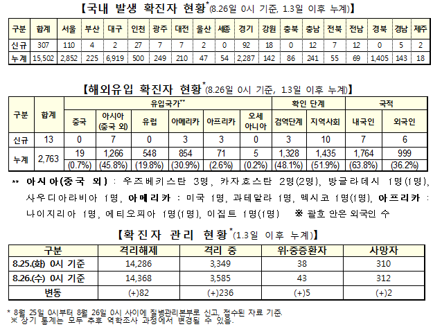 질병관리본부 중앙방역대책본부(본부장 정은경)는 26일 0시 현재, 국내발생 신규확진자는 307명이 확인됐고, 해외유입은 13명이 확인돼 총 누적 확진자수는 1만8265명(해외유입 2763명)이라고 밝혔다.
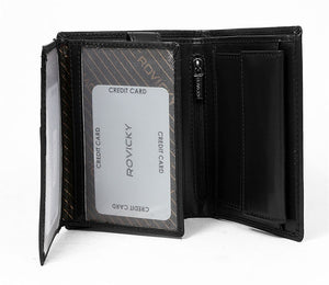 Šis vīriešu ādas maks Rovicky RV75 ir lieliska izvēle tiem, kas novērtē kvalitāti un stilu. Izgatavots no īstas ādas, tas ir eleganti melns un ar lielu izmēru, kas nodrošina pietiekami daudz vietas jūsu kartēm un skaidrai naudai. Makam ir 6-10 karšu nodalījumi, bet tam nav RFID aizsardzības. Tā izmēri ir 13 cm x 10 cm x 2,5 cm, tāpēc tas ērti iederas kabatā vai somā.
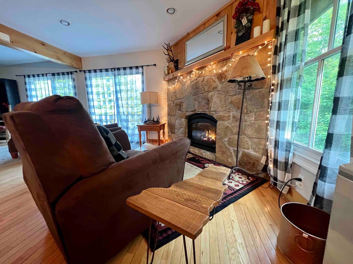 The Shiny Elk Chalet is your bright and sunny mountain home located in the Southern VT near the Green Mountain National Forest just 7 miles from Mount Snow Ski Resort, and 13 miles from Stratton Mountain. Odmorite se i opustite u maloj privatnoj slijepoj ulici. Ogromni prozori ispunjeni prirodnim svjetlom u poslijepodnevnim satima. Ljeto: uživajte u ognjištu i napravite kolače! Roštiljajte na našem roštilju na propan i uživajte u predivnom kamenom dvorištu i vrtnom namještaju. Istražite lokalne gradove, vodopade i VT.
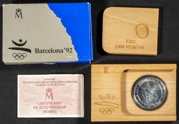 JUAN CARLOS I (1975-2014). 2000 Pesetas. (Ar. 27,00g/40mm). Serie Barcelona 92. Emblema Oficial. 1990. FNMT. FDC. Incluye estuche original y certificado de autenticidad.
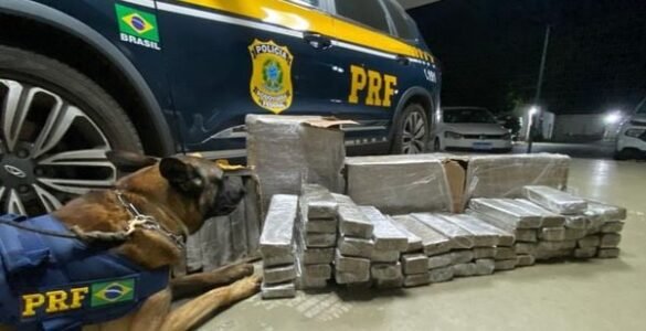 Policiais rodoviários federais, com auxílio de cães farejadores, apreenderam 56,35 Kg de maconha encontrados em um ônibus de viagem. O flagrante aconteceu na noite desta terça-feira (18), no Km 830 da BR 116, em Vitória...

---

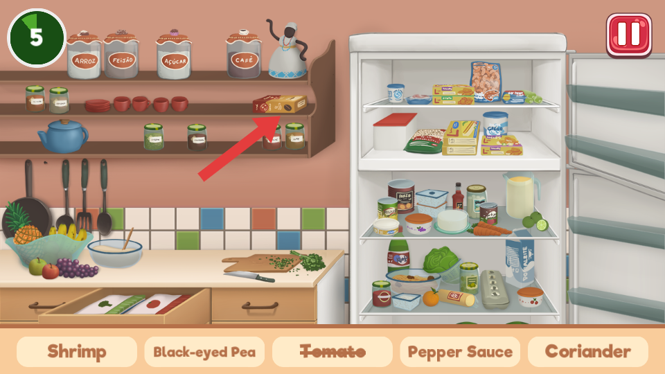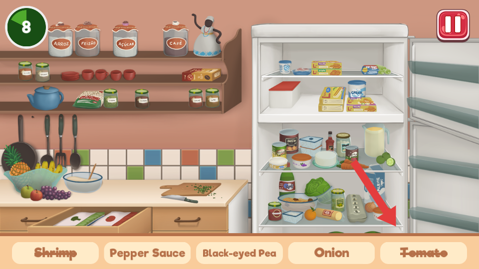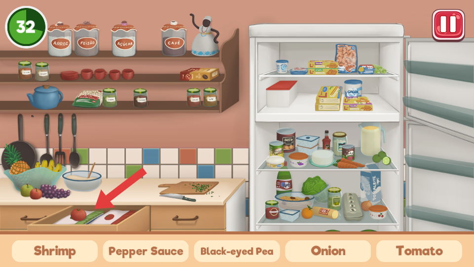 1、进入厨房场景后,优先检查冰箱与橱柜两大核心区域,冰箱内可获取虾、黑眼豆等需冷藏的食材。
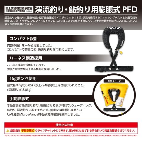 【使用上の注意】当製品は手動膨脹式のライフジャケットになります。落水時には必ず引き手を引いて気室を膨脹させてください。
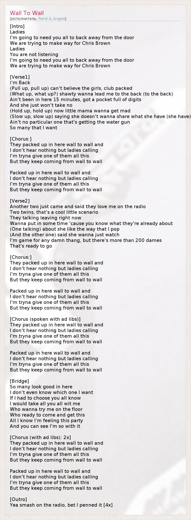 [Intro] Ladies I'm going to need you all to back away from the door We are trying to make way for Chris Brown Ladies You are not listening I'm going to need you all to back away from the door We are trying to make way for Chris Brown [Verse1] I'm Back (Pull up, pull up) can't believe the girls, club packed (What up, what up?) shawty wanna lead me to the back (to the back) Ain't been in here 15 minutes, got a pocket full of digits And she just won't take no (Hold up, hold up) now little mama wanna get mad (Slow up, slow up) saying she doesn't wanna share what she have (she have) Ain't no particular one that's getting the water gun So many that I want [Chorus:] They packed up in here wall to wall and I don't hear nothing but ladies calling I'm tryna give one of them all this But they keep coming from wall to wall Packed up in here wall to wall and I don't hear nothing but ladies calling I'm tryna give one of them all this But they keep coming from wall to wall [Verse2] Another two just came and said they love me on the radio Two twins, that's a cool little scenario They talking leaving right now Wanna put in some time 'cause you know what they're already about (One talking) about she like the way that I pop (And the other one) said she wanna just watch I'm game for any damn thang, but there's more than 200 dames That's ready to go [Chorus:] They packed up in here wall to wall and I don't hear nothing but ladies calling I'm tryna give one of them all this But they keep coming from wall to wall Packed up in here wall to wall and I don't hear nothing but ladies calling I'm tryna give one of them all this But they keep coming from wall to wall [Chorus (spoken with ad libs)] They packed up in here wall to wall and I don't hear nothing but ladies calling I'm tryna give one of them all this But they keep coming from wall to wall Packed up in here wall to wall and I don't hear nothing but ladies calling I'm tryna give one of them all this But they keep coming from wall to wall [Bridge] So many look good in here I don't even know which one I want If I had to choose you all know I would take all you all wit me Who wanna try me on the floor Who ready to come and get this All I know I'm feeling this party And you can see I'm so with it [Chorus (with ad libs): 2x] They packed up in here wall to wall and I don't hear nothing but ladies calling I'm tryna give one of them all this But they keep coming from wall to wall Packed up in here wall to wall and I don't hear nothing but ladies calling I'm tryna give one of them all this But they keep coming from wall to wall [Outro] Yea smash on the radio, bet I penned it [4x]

---

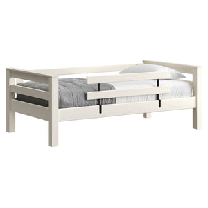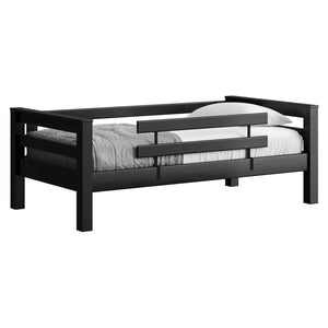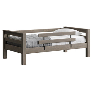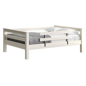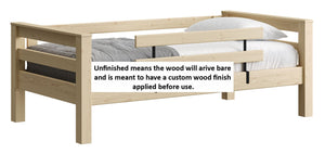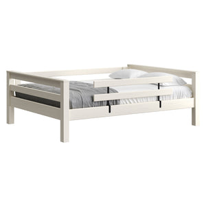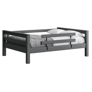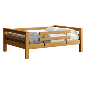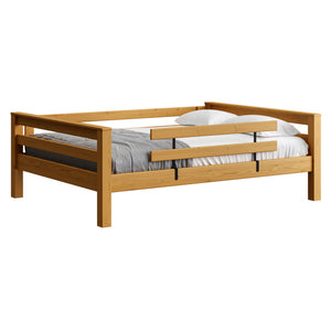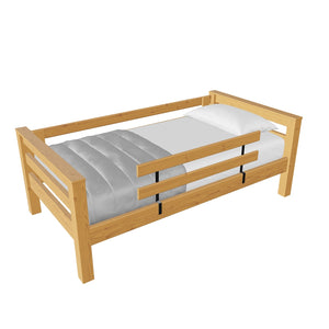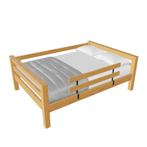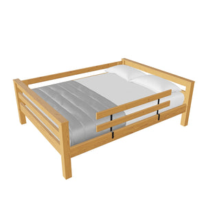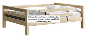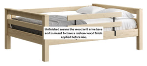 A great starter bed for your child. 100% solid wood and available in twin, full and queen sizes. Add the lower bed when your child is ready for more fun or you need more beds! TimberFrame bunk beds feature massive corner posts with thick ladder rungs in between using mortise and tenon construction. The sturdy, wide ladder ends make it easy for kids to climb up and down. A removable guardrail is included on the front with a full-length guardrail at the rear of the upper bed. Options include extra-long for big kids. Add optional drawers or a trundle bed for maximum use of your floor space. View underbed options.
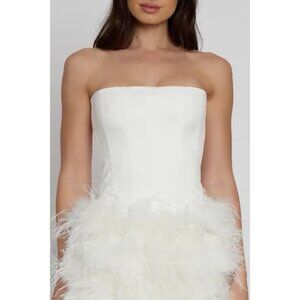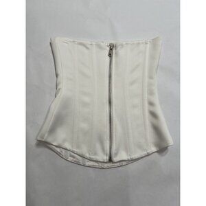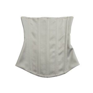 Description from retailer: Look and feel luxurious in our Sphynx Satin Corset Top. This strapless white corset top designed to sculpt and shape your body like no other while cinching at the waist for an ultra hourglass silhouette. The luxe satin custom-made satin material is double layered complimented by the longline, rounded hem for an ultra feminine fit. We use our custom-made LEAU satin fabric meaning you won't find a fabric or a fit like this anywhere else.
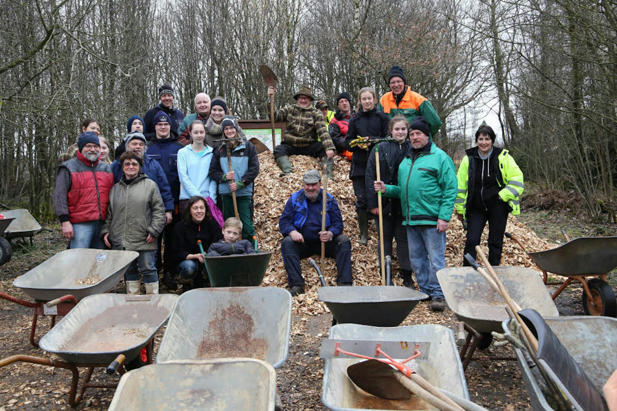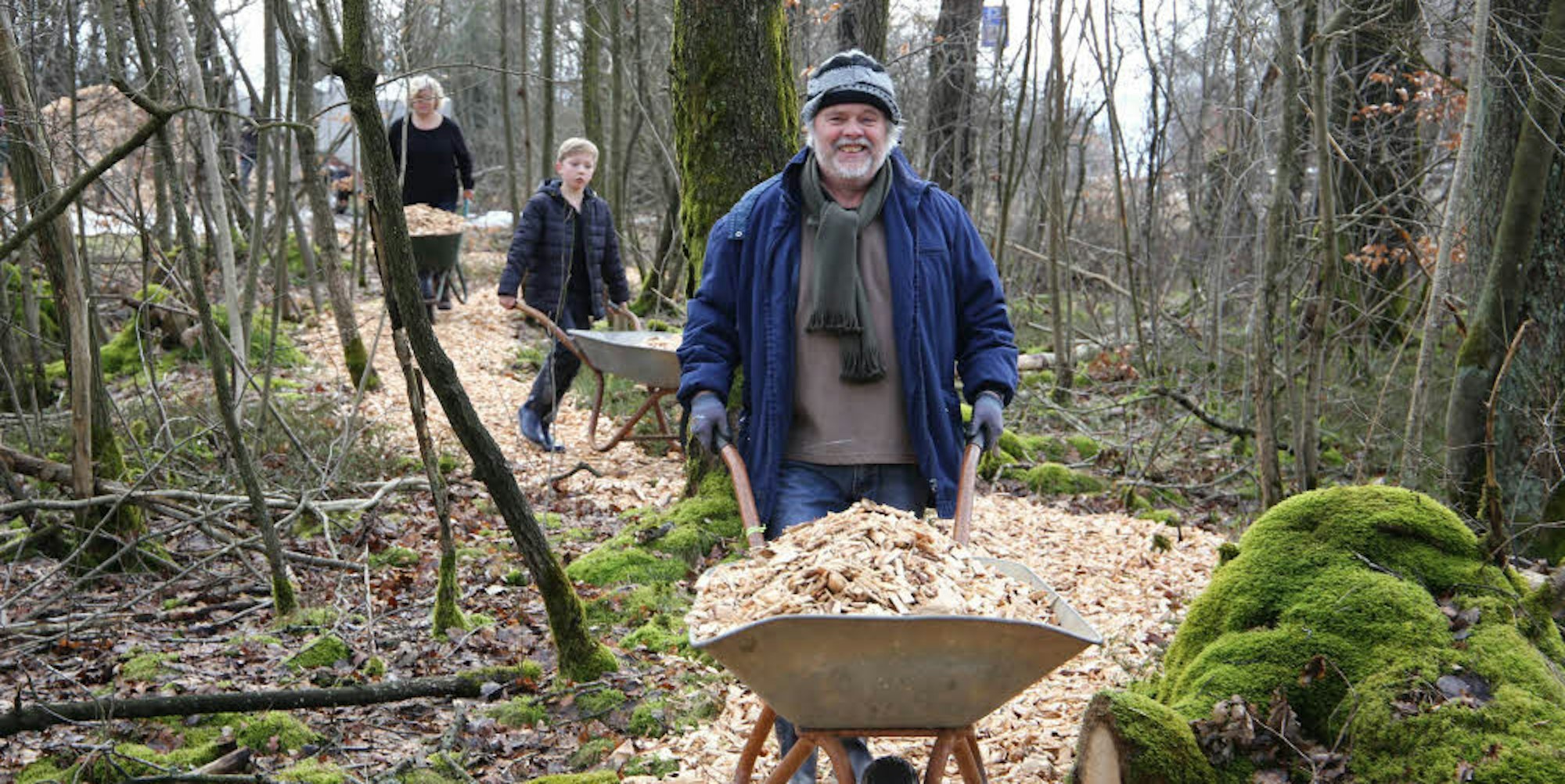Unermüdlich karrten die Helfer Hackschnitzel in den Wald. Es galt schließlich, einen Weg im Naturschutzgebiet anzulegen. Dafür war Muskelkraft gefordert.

---

TASK GOAL> Look above for the line with "질병관리본부 중앙방역대책본부(본부장 정은경)는" and the line with "Šis vīriešu ādas", then restate exactly those two lines and all lines between them, with no pictures.

YOUR SOLUTION>
 질병관리본부 중앙방역대책본부(본부장 정은경)는 26일 0시 현재, 국내발생 신규확진자는 307명이 확인됐고, 해외유입은 13명이 확인돼 총 누적 확진자수는 1만8265명(해외유입 2763명)이라고 밝혔다.
 Šis vīriešu ādas maks Rovicky RV75 ir lieliska izvēle tiem, kas novērtē kvalitāti un stilu. Izgatavots no īstas ādas, tas ir eleganti melns un ar lielu izmēru, kas nodrošina pietiekami daudz vietas jūsu kartēm un skaidrai naudai. Makam ir 6-10 karšu nodalījumi, bet tam nav RFID aizsardzības. Tā izmēri ir 13 cm x 10 cm x 2,5 cm, tāpēc tas ērti iederas kabatā vai somā.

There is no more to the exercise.